◆ Recorded data
::::

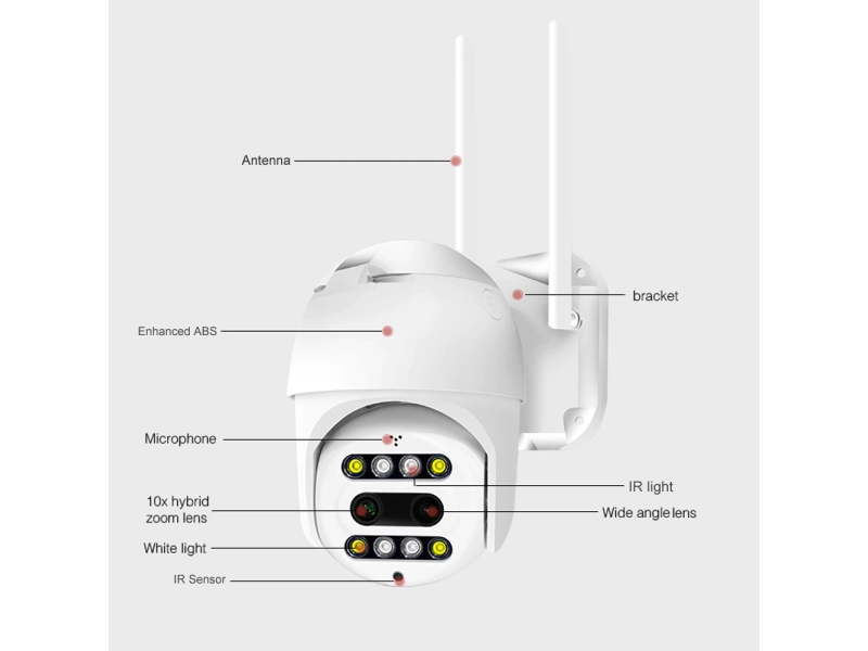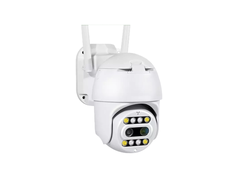 Изкуствен интелект: Wifi камерата Dual Lens PTZ e водоустойчива и е подходяща за външни условия, може да се настрой и монтира за няколко минути, без необходимост от допълнителни устройства или кабели. Защитата за водоустойчивост е IP66. Разполага с две лещи, това дава възможност за висококачествено приблежение от X 10 пъти. С този модел можете да разчетете номер на автомобил от над 30 метра. За първи път в България Засича движение и изпраща известия: Предимството през оптичните камери е, че можете да превкючите на максимално приближение и настройката да остане така, дори да излезнете от приложението. По този начин ще записва на далечно разстояние, без да размазва образа. Камерата е моторизирана и се завърта във всички посоки. Управлението става директно, чрез смартфона – отдалечено. Улеснена инсталация без изискване за допълнителни познания. Има пълни инструкции на български език. Камерата изпраща нотификации при засичане на движение и звук, директно на смартфона, чрез приложението с което работи. Автоматичен нощен режим. Лесно и умно управление: Безжична (WiFi) връзка с интернет Камерата за видеонаблюдение се свързва с Интернет и предава видео безжично. Единственото, което трябва да направите, е да я включите в контакт. Изключителна лесна инсталация за 5-10 минути. Микро SD слот за съхранение на видеозапис до 128GB. Двупосочно аудио ( предава и приема звук с високо качество) FULL HD резолюция. Възможност за съхранение на записа в Cloud Функция нощно виждане (нощен режим, с infrared и Led диоди) Функция Alarm Push Функция Motion detection (изпраща известие при засечено движение) Завъртане: 355° и вертикала: 70° Два обектива за перфектна видимост на големи разстояния
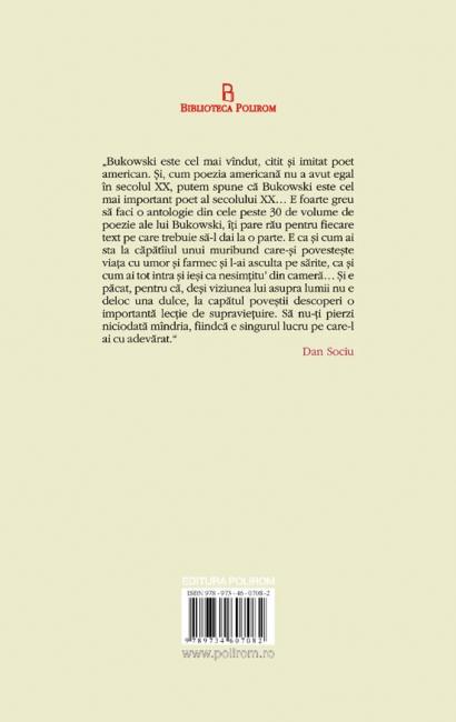 O premiera pe piata editoriala romaneasca! „Bukowski este cel mai vindut, citit si imitat poet american. Si, cum poezia americana nu a avut egal in secolul XX, putem spune ca Bukowski este cel mai important poet al secolului XX… E foarte greu sa faci o antologie din cele peste 30 de volume de poezie ale lui Bukowski, iti pare rau pentru fiecare text pe care trebuie sa-l dai la o parte. E ca si cum ai sta la capatiiul unui muribund care-si povesteste viata – cu umor si farmec – si l-ai asculta pe sarite, ca si cum ai tot intra si iesi ca nesimtitu’ din camera… Si e pacat, pentru ca, desi viziunea lui asupra lumii nu e deloc una dulce, la capatul povestii descoperi o importanta lectie de supravietuire. Sa nu-ti pierzi niciodata mindria, fiindca e singurul lucru pe care-l ai cu adevarat.” (Dan Sociu)
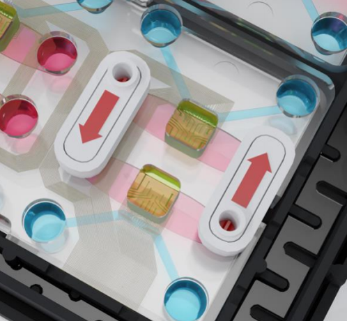 流體跳線(紅色箭頭裝置):流體跳線是指在類器官芯片內用于連接不同微流道、實現液體或氣體交換的通道。微流控芯片通常由多個微流道組成,這些微流道通過流體跳線相互連接。它們是芯片內流體動力學的核心,確保細胞、營養物質、藥物和廢物能夠在不同區域之間順利流動。
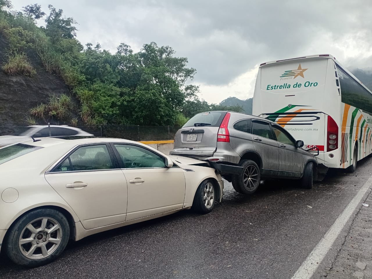 De acuerdo con los reportes, se trató de una carambola que involucró a cuatro vehículos, entre ellos, una Nissan tipo Altima, beige, una camioneta Honda tipo CR-V, un autobús de pasajeros de la línea Estrella de Oro, con el número económico 1556 y una camioneta Nissan tipo Frontier, doble cabina, blanca.

::::

◆ Problem statement
Would you repeat the material exactly, keeping out any pictures?

◆ Solution below
 Изкуствен интелект: Wifi камерата Dual Lens PTZ e водоустойчива и е подходяща за външни условия, може да се настрой и монтира за няколко минути, без необходимост от допълнителни устройства или кабели. Защитата за водоустойчивост е IP66. Разполага с две лещи, това дава възможност за висококачествено приблежение от X 10 пъти. С този модел можете да разчетете номер на автомобил от над 30 метра. За първи път в България Засича движение и изпраща известия: Предимството през оптичните камери е, че можете да превкючите на максимално приближение и настройката да остане така, дори да излезнете от приложението. По този начин ще записва на далечно разстояние, без да размазва образа. Камерата е моторизирана и се завърта във всички посоки. Управлението става директно, чрез смартфона – отдалечено. Улеснена инсталация без изискване за допълнителни познания. Има пълни инструкции на български език. Камерата изпраща нотификации при засичане на движение и звук, директно на смартфона, чрез приложението с което работи. Автоматичен нощен режим. Лесно и умно управление: Безжична (WiFi) връзка с интернет Камерата за видеонаблюдение се свързва с Интернет и предава видео безжично. Единственото, което трябва да направите, е да я включите в контакт. Изключителна лесна инсталация за 5-10 минути. Микро SD слот за съхранение на видеозапис до 128GB. Двупосочно аудио ( предава и приема звук с високо качество) FULL HD резолюция. Възможност за съхранение на записа в Cloud Функция нощно виждане (нощен режим, с infrared и Led диоди) Функция Alarm Push Функция Motion detection (изпраща известие при засечено движение) Завъртане: 355° и вертикала: 70° Два обектива за перфектна видимост на големи разстояния
 O premiera pe piata editoriala romaneasca! „Bukowski este cel mai vindut, citit si imitat poet american. Si, cum poezia americana nu a avut egal in secolul XX, putem spune ca Bukowski este cel mai important poet al secolului XX… E foarte greu sa faci o antologie din cele peste 30 de volume de poezie ale lui Bukowski, iti pare rau pentru fiecare text pe care trebuie sa-l dai la o parte. E ca si cum ai sta la capatiiul unui muribund care-si povesteste viata – cu umor si farmec – si l-ai asculta pe sarite, ca si cum ai tot intra si iesi ca nesimtitu’ din camera… Si e pacat, pentru ca, desi viziunea lui asupra lumii nu e deloc una dulce, la capatul povestii descoperi o importanta lectie de supravietuire. Sa nu-ti pierzi niciodata mindria, fiindca e singurul lucru pe care-l ai cu adevarat.” (Dan Sociu)
 流體跳線(紅色箭頭裝置):流體跳線是指在類器官芯片內用于連接不同微流道、實現液體或氣體交換的通道。微流控芯片通常由多個微流道組成,這些微流道通過流體跳線相互連接。它們是芯片內流體動力學的核心,確保細胞、營養物質、藥物和廢物能夠在不同區域之間順利流動。
 De acuerdo con los reportes, se trató de una carambola que involucró a cuatro vehículos, entre ellos, una Nissan tipo Altima, beige, una camioneta Honda tipo CR-V, un autobús de pasajeros de la línea Estrella de Oro, con el número económico 1556 y una camioneta Nissan tipo Frontier, doble cabina, blanca.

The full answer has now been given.